Ardine Reedijk, die het onderzoek uitvoerde met onder anderen kinderoncoloog prof. dr. Gertjan Kaspers en epidemioloog dr. ir. Henrike Karim-Kos (IKNL), maakte voor het onderzoek gebruik van gegevens van de Nederlandse Kankerregistratie(NKR), die vanaf 1990 landelijk verzameld werden. Uit de studie kwam naar voren dat de kans op genezing van AML is gestegen van 40 procent begin jaren negentig naar 74 procent in de laatste, gemeten periode - van 2010 tot 2015.

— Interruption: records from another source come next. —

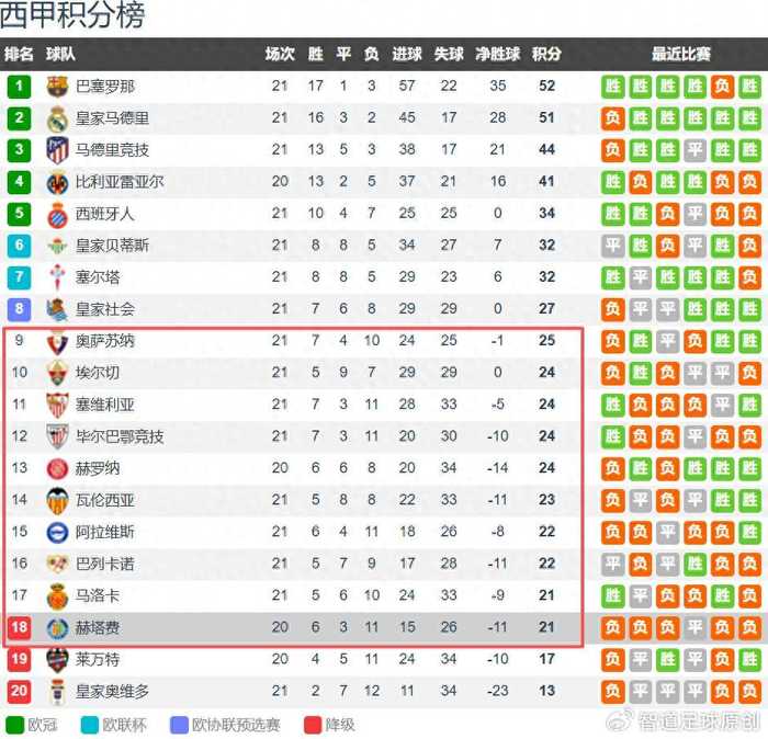 从西甲积分榜来看,皇萨争冠,巴萨52分,皇马51分,两队仅差1分,西甲本赛季争冠非常激烈;但本赛季西甲最为激烈的还是保级,为什么这么说呢?因为西甲第九名到降级区仅差了4分。
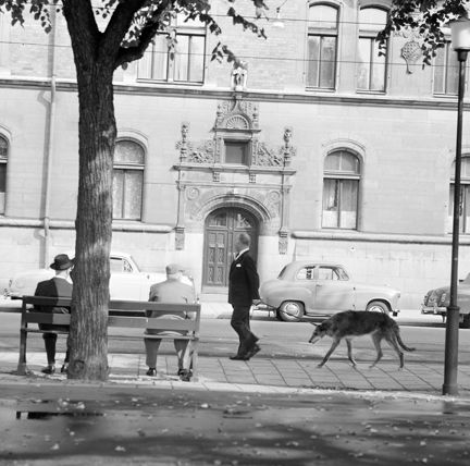 En man promenerar med hunden förbi Bünzowska huset, Strandvägen 29
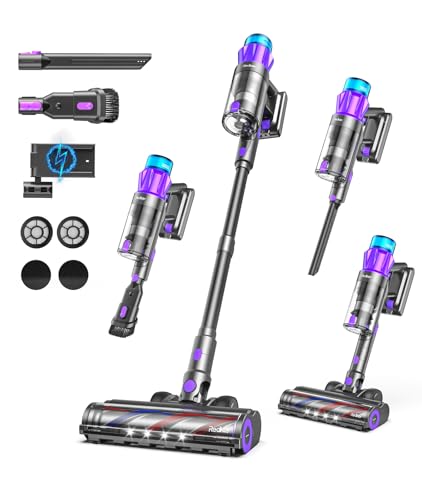 Lubluelu sladdlös dammsugare | Trådlös dammsugare med stark sugkraft | upp till 50 min drifttid | 120 000 varv/min | fristående batteridammsugare för djurhår, mattor och hårda golv, svart-lila
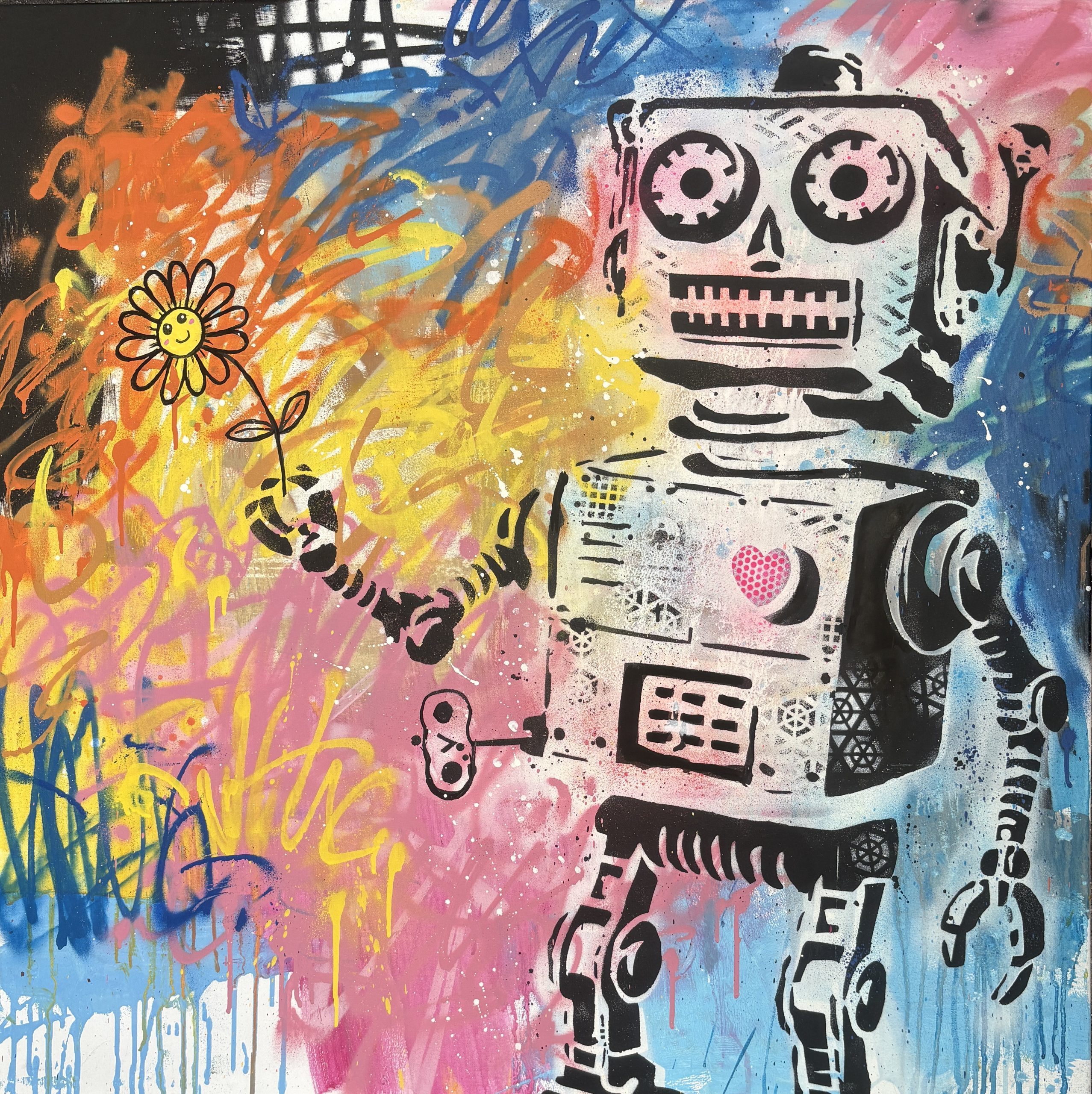 This original Artwork is a continuation of my current series, playfully exploring animation, comic books, cartoons and tech.
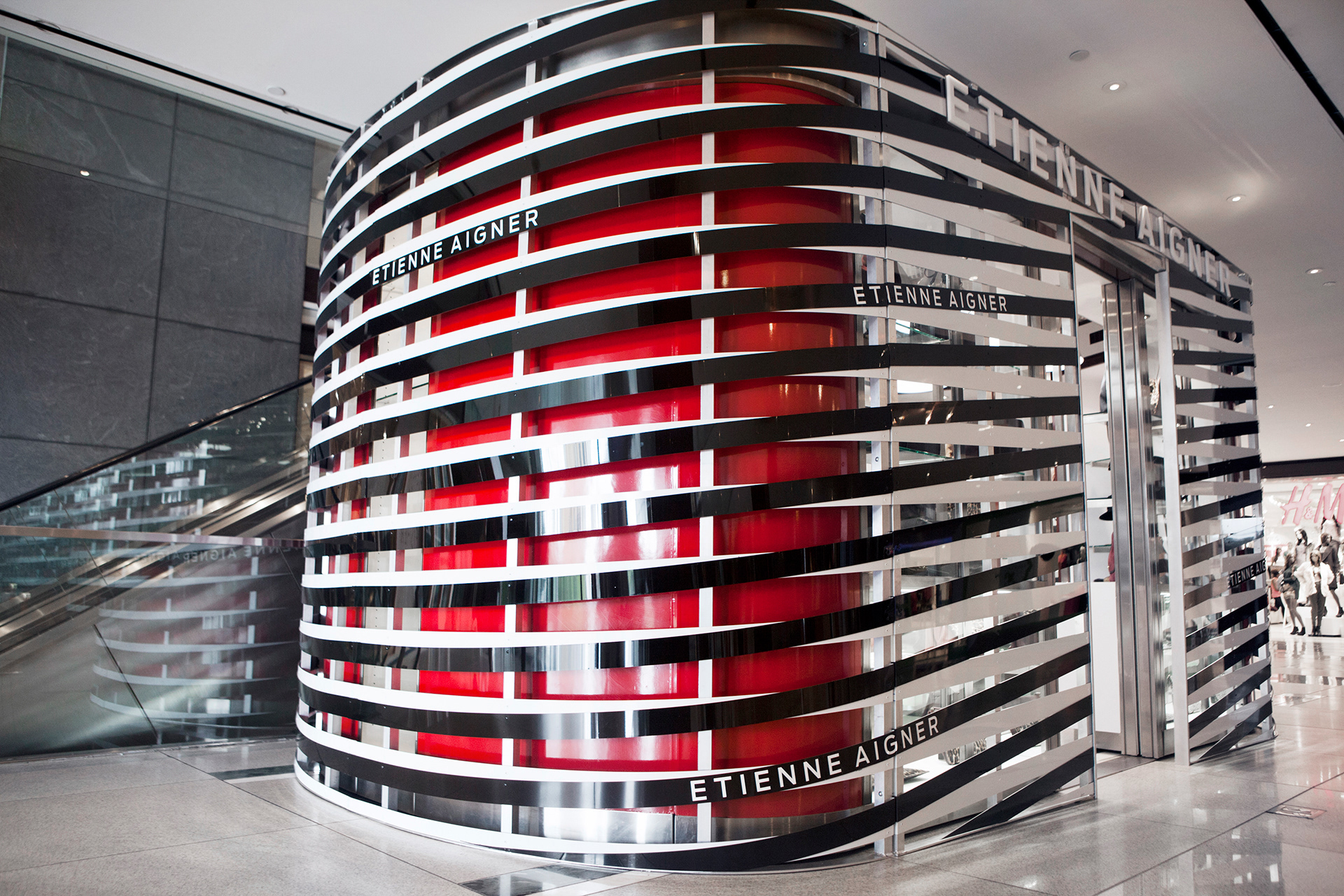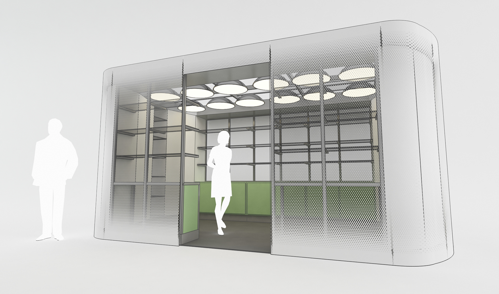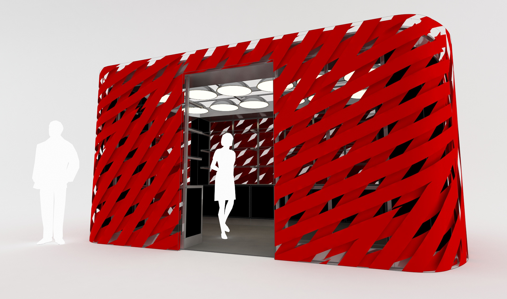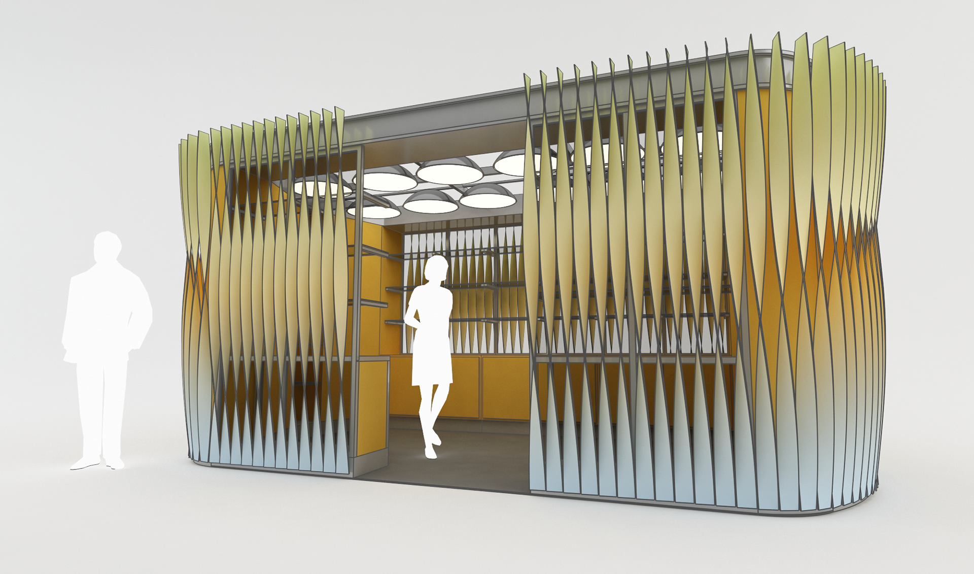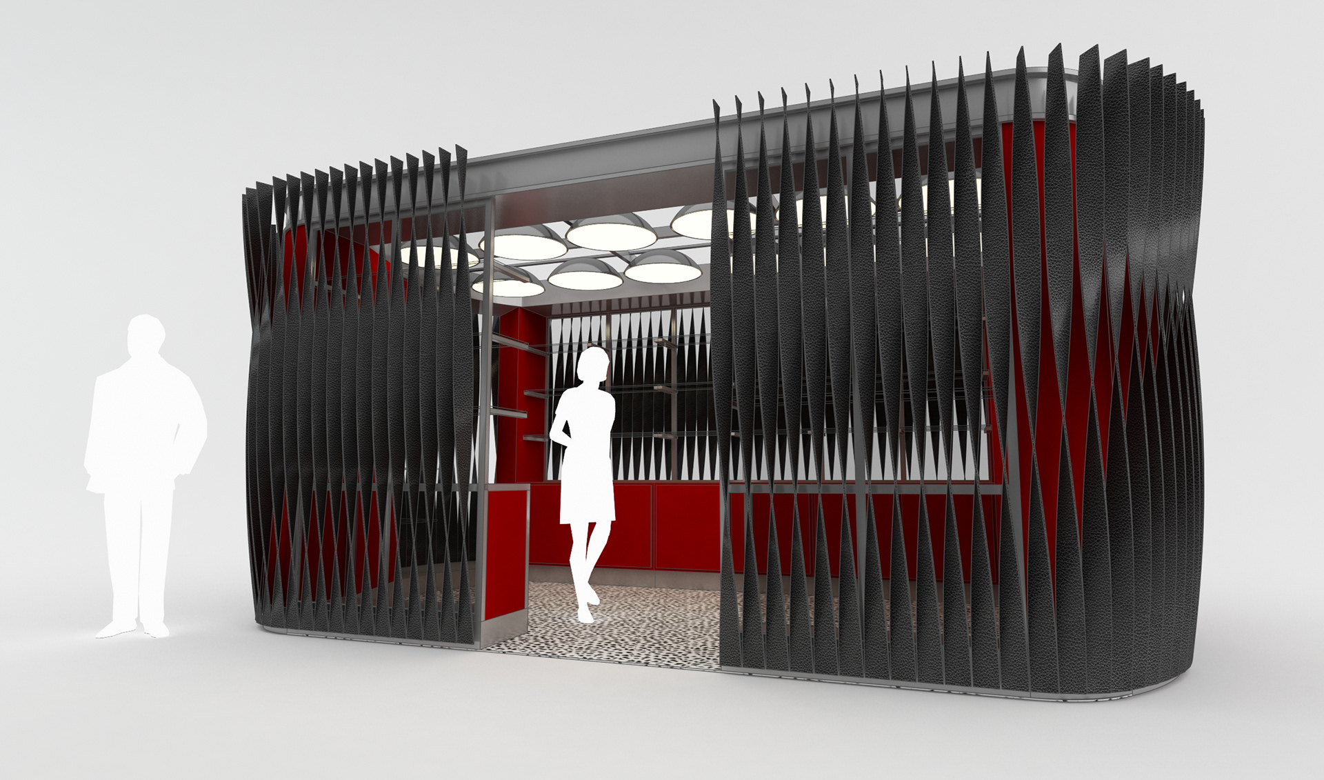 A small concept retail space in Time Warner Center, featuring a layered custom aluminum skin on a refinished existing unit. The skin was developed with parametric tools to create a screen that redefined the exterior, revealing product through strategically placed openings.

De onderzoekers legden de gegevens van de Nederlandse Kankerregistratie naast die van Stichting Kinderoncologie Nederland (SKION). Ze zoomden hierbij in op de vooruitgang bij het behandelen van kinderen en adolescenten op het gebied van incidentie, overleven en overlijden.
Incidentie
De incidentie van AML (het aantal nieuwe gevallen met de ziekte) is iets toegenomen onder 1- tot 4-jarigen, vertelt Ardine Reedijk. “Dat komt in eerste instantie omdat er überhaupt iets meer kinderen met kanker worden gediagnosticeerd. Als je kijkt naar alle vormen van kanker bij zowel kinderen als volwassenen, stijgt het aantal gevallen met 1 procent per jaar. De toename bij deze specifieke leeftijdsgroep zou onder andere verklaard kunnen worden door het relatief hoge aantal kinderen met het syndroom van Down in Nederland.”
Overlijdensrisico
De onderzoekers stellen in de studie dat er aantoonbare vooruitgang is geboekt in het behandelen van AML bij kinderen in Nederland. De kans op overlijden daalt jaarlijks met 2,8 procent per jaar. Het overlijdensrisico volgens het meest recente protocol is gedaald met 49 procent. Wat hiervan precies de oorzaak is, daar kunnen de onderzoekers niet precies de vinger op leggen. Ze leggen het uit als een combinatie van factoren, waaronder verbeterde diagnostiek, beter gebruik van chemotherapie en verbeterde ondersteunende zorg, en betere therapie bij het terugkeren van AML (een recidief).
Behandelprotocollen
De behandelschema’s zijn anders, vertelt Gertjan Kaspers. “We weten iets beter welke kinderen een hoger risico hebben op een recidief. In die gevallen plannen we de tweede kuur dichter op de eerste kuur. Het zit ‘m niet zozeer in nieuwe geneesmiddelen, maar we weten wel beter wanneer we hoge of juist minder hoge doseringen moeten geven. Daarnaast kijken we naar de eigenschappen van leukemiecellen. Door in te zoomen op deze cellen in het beenmerg, kunnen we voorspellingen maken over hun gedrag. Het aanpassen en verbeteren van behandelprotocollen is voor ons een ongoing proces.”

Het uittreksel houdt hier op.